• Fan absolu de Chopin, Mourad va enfin avoir droit à son propre piano. Une récompense amplement méritée, compte tenu de son talent et de sa passion.

    Un prodige de 14 ans

    À 14 ans, Mourad est un jeune prodige doté d’une volonté hors-norme. Puisqu’il n’a pas de piano (alors qu’il maîtrise cet instrument à la perfection), cet adolescent des quartiers nord de Marseille se rend régulièrement à l’hôpital de la Timone dont le hall contient, justement, un piano. Une passion dévorante qui, heureusement, a fini par le faire remarquer !

    Un jour, alors qu’il jouait dans le hall de l’hôpital, une personne plus curieuse que les autres a approché Mourad, l’a interrogé et l’a filmé. Depuis, sa vidéo est devenue virale et Mourad a acquis une petite notoriété… et s’est enfin vu offrir un piano ! Une belle histoire résumée ici dans un joli reportage signé France 3. Regardez :

     

    Une récompense méritée.
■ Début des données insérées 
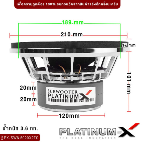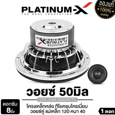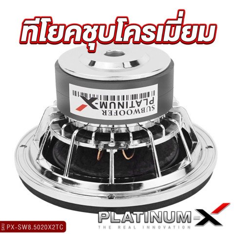 PLATINUM-X ลำโพงซับวูฟเฟอร์ 8 นิ้ว เบส 1 ดอก วอยซ์คู่ โครงเหล็กปั๊ม/หล่อ ชุบโครเมียม รุ่น PX-SW8.5020X2TC / PT-SQL845.2EURO ในราคา 2,976.00 บาท เติมมิติย่านต่ำให้แน่น ลึก และกระชับ เหมาะสำหรับอัปเกรดระบบเครื่องเสียงรถยนต์ที่ต้องการ “ลูกเบส” ชัดเจน ฟังได้ทุกแนว ตั้งแต่ EDM ไปจนถึงลูกทุ่ง/ร็อก ด้วยดีไซน์พรีเมียม โครงสร้างแข็งแรง และวอยซ์คอยล์ขนาดใหญ่ ให้แรงขับดี ตอบสนองไว

Il aurait été dommage qu’un tel musicien soit plus longtemps privé d’instrument. Et puis, quel plaisir de voir ainsi se briser un cliché.

    Un prodige de 14 ans

    L’histoire ne s’arrêtera peut-être pas là puisque André Manoukian, pianiste et ancien jury de la Nouvelle Star, a réagi au tweet de Marston213 en disant : « I’m In ! Envoyez ses coordonnées bordel ! »… Lui voudrait jouer dans un orchestre.

    Un prodige de 14 ans

    Un prodige de 14 ans

    Vive la musique et belle carrière à Mourad.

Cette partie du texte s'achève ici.